Metabolic cluster 1 that has a reaction for cell growth rate as a representative reaction was also shown to influence high number of other clusters: cluster 3 (cysteine synthase and serine O-acetyltransferase), 6 (chorismate mutase), 9 (asparagine synthetase), 12 (phosphate transporter), 18 (NAD kinase) and 29 (phosphoglucomutase, O-succinylhomoserine lyase, phosphoglucosamine mutase, uridylate kinase and purine-nucleoside phosphorylase) (Figure 4). Unlike cluster 44, cluster 1 influences metabolically wider range of reactions, mostly related with amino acid biosynthesis (Figure 4). Cluster 1 itself is also composed of many amino acid-metabolic reactions. These evidences manifest that amino acid biosynthesis is a major submetabolism affected by changes in cell growth rate. This becomes obvious, considering the fact that protein constitutes more than half of total E. coli dry cellular weight . Appearance of transporter for sulfate in cluster 1 and phosphate in cluster 12 is also notable as biosynthesis of some amino acids requires these two inorganic molecules.

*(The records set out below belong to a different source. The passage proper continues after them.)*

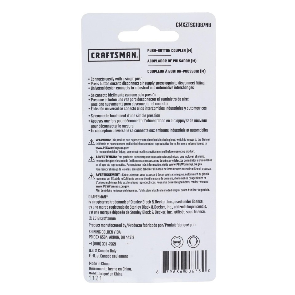 - CRAFTSMAN Push Button Coupler, Male, 1/4-in NPT Industrial and Automotive Plug
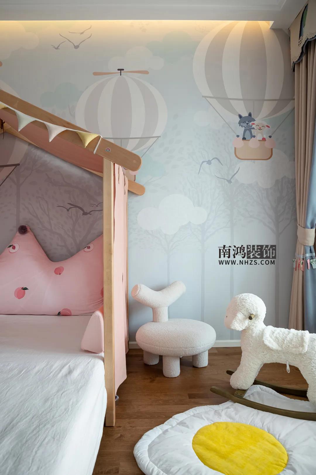 兒童房二。另一間兒童房的布置也是充滿了孩子喜愛的各種元素,色彩活潑,另外,為滿足孩子未來更多的成長需求,設(shè)計(jì)師也做了一定的留白空間。
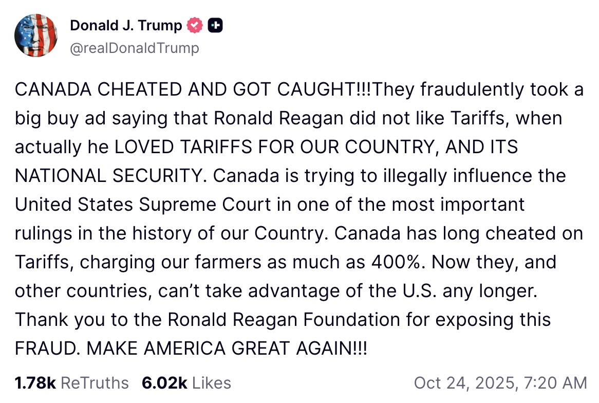 The Ronald Reagan Foundation has just announced that Canada has fraudulently used an advertisement, which is FAKE, featuring Ronald Reagan speaking negatively about Tariffs. The ad was for $75,000. They only did this to interfere with the decision of the U.S. Supreme Court, and other courts. TARIFFS ARE VERY IMPORTANT TO THE NATIONAL SECURITY, AND ECONOMY, OF THE U.S.A. Based on their egregious behavior, ALL TRADE NEGOTIATIONS WITH CANADA ARE HEREBY TERMINATED. Thank you for your attention to this matter! President DJT
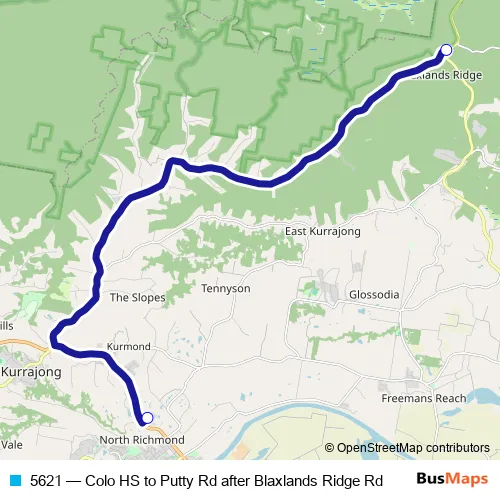The first stop of the 5621 bus route is Colo High School and the last stop is Putty Rd After Blaxlands Ridge Rd. 5621 (Colo HS to Putty Rd after Blaxlands Ridge Rd) is operational during entre semana.
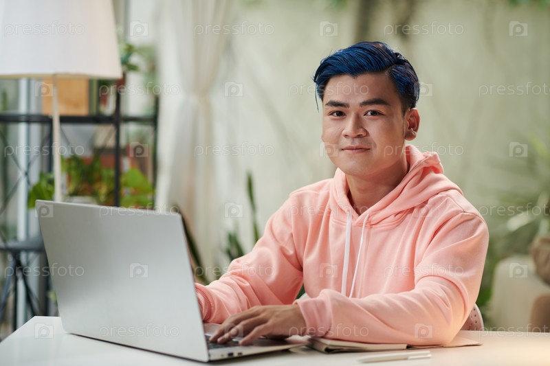 Молодой человек программирует на ноутбуке
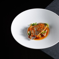 Place the Neapolitan sauce on a plate, and top it with a piece of dorado fillet.
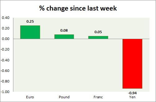 Strength meter (since last week) – Euro +0.25%, Franc +0.05%, Yen -0.94%, GBP +0.08%
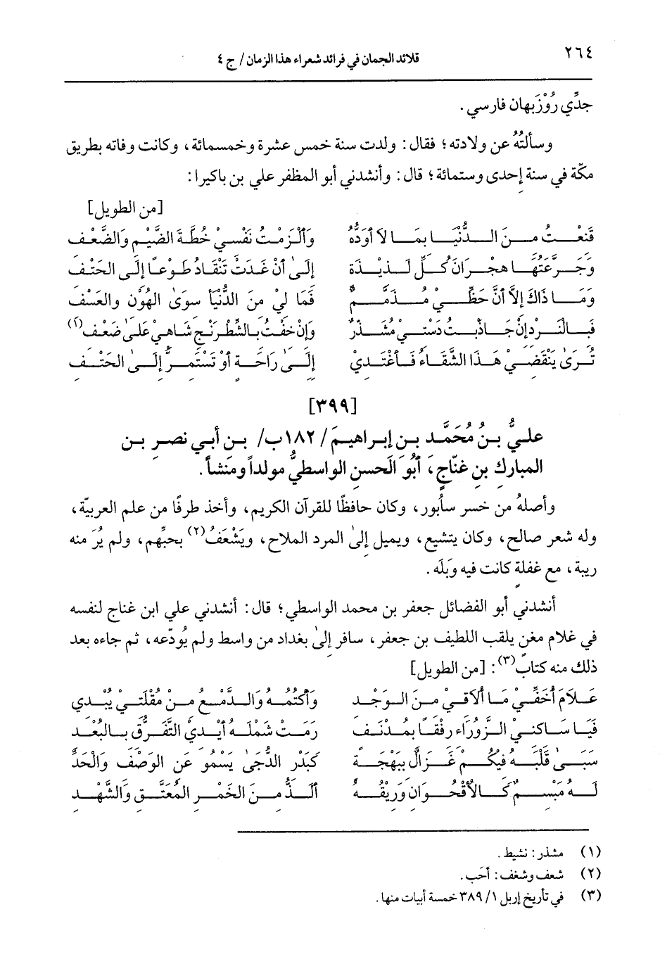 أنشدني أبو الفضائل جعفر بن محمد الواسطي؛ قال: أنشدني علي ابن غناج لنفسه في غلام مغن يلقب اللطيف بن جعفر، سافر إلى بغداد من واسط ولم يودّعه، ثم جاءه بعد ذلك منه كتاب: [من الطويل]

As cell growth rate is reduced upon knockout of lpdA , it is noteworthy to observe how the cluster 1 and 44, which contain reactions of cell growth rate and pyruvate dehydrogenase, respectively, are correlated in the global scale BN (Figure 2). Although these two clusters were both shown to influence cluster 29, and there is no direct influential path from cluster 44 to 1 or vice versa, we presume that reduction of the cell growth rate and fluxes of other functionally coordinated reactions in the cluster 1 were initially caused by the negatively affected reactions of cluster 29. This causal relationship becomes clearer when we consider the fact that phosphoglucomutase is the representative reaction of cluster 29, which converts glucose-6-phosphate to glucose-1-phosphate that is a precursor of glycogen and cell envelope, and highly associated with biomass formation. It was reported that excessive accumulation of glycogen in E. coli resulted in increased biomass formation, which, in some part, experimentally supports the correlation between cluster 1 and 29 . In turn, cluster 29 seems to have been affected by cluster 44 as inferred in the global scale BN because lpdA knockout mutant cannot efficiently generate energy for biosynthesis of biomass components, compared to the wild-type, due to the blocked pyruvate dehydrogenase that hinders further oxidation of glucose for oxidative phosphorylation (Figure 3). Here, it should be noted that, along with glycogen, enzymes involved in rather wider range of metabolisms, including amino acids, cell envelope, and nucleotides in cluster 29, indicate that various spots in the metabolic network are likely to be influenced by the removal of lpdA, which, in turn, might have negatively affected the cell growth rate. As a result, the global scale BN reveals closer positioning of cluster 1 and 44 through cluster 29.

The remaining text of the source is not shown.